One of the first sites I found was webpagesthatsuck.com. Though it sounds like it would be entirely devoted to making fun of the many terrible websites that can be found online, there is also a lot of helpful information for businesses looking to improve their sucky websites. Really, the majority of the site is dedicated to bad websites, with lists of the Ugliest/Worst Business Websites from 2005-2009 and Worst Webpages of the Decade. It’s harsh, especially because these are actually business or non-profit websites—not just the result of some kid messing around on his parents’ computer. But it’s also true. The websites listed are really bad.

But what’s also there is a Web Redesign Checklist, featuring a long list of things a business should look for to determine if its website sucks. The recurring message is that if your site or its content is designed to meet the needs of your business rather than the needs of the visitors that are reaching the site, your website sucks.

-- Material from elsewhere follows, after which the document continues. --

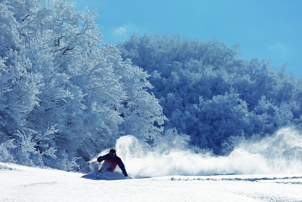 積雪の多い信越エリアを代表する人気スキー場の斑尾高原。標高は1,305mながら、質の良い雪がコンスタントに降り積もり、グッドコンディションが維持されることでパウダーが存分に楽しめる。そのパウダークオリティとたっぷりの量は「Madapow(まだパウ)」と呼ばれ、通いつめるファンも多い。斑尾高原は起伏が豊かな自然地形を活かしたコースレイアウトも魅力。特にツリーランコースの設置数は日本一! バラエティに富んだコースは圧巻ものでツリーラン日本一と呼び声も高い。パウダー・フリーライドに抜群の環境が整っているのが斑尾高原だ。

A few more ways to tell if your website sucks:

• A quick scan of the homepage doesn’t tell visitors much about your purpose
• There is any Flash, splash, or background music (unless it is a music website)
• There are pop-ups
• The text is too small, or in ALL CAPS
• There are dead links, or sections that are under construction but still accessible
• The calendar information is outdated
• There is scrolling, blinking, fading, or moving text
• Links are not clearly labeled
• The color scheme is ugly

The checklist provides 149 different items, all of which have probably annoyed users at one time or another when visiting business websites. The solution the author provides is for the web designer to go through and fix any items on the company’s website that were checked. It seemed overly simple at first; but really, if you are aware of the bad design elements present on your business website, it shouldn’t be that hard to fix them.

The funny part is that webpagesthatsuck.com is not very well designed itself. The author (designer? Sucky webpage determiner?), Vincent Flanders, freely admits that the site has always been poorly designed. I thought that a poorly designed website about poorly designed websites would undermine the credibility of the information presented, but the checklist Flanders provides seems to me—a person with little to no web design experience—to be legitimate.